А писать о катастрофе в Норильске нас отправила редакция. Это была очень трудная командировка. Я оставила кошку соседке, сказала, что вернусь дней через пять. А вернулась через три недели. Тот уровень противодействия, с которым мы столкнулись, я просто не могла представить. Что за нами будет летать полицейский вертолет, что будут прослушивать наши телефоны. Запугивать наших собеседников, не давать вывезти пробы. Когда нас задержала полиция в первый день, мы решили, что это совпадение. Но на следующий день нас задерживали два раза подряд. Не удавалось договариваться о встречах, люди бросали трубки или исчезали, не получалось взять билет на рейсовый вертолет, нанять лодку. Казалось, что это я что-то делаю не так. Потом стало понятно, что за нами следит служба безопасности «Норникеля» с того самого момента, как мы приземлились в Норильске. И не просто следит, а активно мешает работать. Мы мобилизовались, перестали пользоваться открытыми телефонными линиями, и все начало получаться. Очень повезло с местными людьми, с бывшим главой Росприроднадзора Василием Рябининым.
— Который вместе с вами, как и врач Михаил Кецкало, разделил — впервые — премию.
— То, что организаторы решили наградить не только журналистов, но и наших героев, — это очень круто. Без них мы бы ничего не смогли. Для меня эта премия — совершенно особенная, я в журналистику пришла из-за Политковской.
— Как вы относитесь к профессиональным наградам, российским, международным? Зачем они нужны?
— Чтобы задать какие-то ориентиры в профессии. Круто, когда твою работу отмечают, это честь. И деньги, наконец. У нас в редакции небольшие зарплаты. Я свою премию сразу в ремонт вложила.
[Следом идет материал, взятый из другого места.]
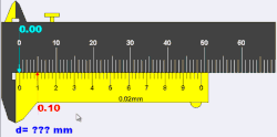 If when the jaws are closed the reading is 0.10 mm, the zero error is +0.10 mm. The method to use a vernier scale or caliper with zero error is to use the formula "(actual reading) = (main scale) + (vernier scale) − (zero error)", thus the actual reading is 19.00 + 0.54 − (0.10) = 19.44 mm. The resolution of the measurement, based on the width of the smallest sub-interval, is ±0.02 mm.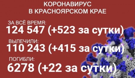 У 523 человек в Красноярском крае выявили COVID-19 за минувшие сутки. Темп прироста составляет 0,4%. Также за это время полностью излечились 415 пациентов, еще 22 скончались. На 20 октября в регионе зарегистрировали в общей сложности 124 547 больных коронавирусной инфекцией.

ГАЗЕТА — ПРИЯТНЕЕ И ЛЕГЧЕ, ЧЕМ МЫТЬЕ ПОЛОВ
— Вы уже в школе начали печататься во «взрослой» ярославской прессе.
— Наша семья была совсем нищая в девяностые. Я очень рано начала зарабатывать, в основном мытьем полов. В старших классах вместо уроков труда можно было выбрать, какое начальное профессиональное образование получить, и была возможность пойти учиться в газету. Там сказали, что будут платить за каждую публикацию. Я решила, что это приятнее и легче, чем мытье полов, и оказалась права.
,
,
Газета называлась «Северный край», она существовала под разными названиями больше ста лет — пока ее не разогнали за «нелояльность». Когда я там оказалась, она была полностью подчинена местным властям, и я думала, что по-другому не бывает.
А потом совершенно случайно купила «Новую газету» и открыла на статье Политковской про чеченских детей, которые выросли между двумя войнами. И все изменилось. Мне же казалось, что я знала, что происходит в Чечне и вообще в России, я смотрела телевизор, читала газеты, которые выписывала школьная библиотека. Я прочитала «Новую» целиком и поняла, что ничего не представляю о своей стране. Кроме того, это было очень хорошо написано. Я поняла, что хочу так же писать и работать в этой газете.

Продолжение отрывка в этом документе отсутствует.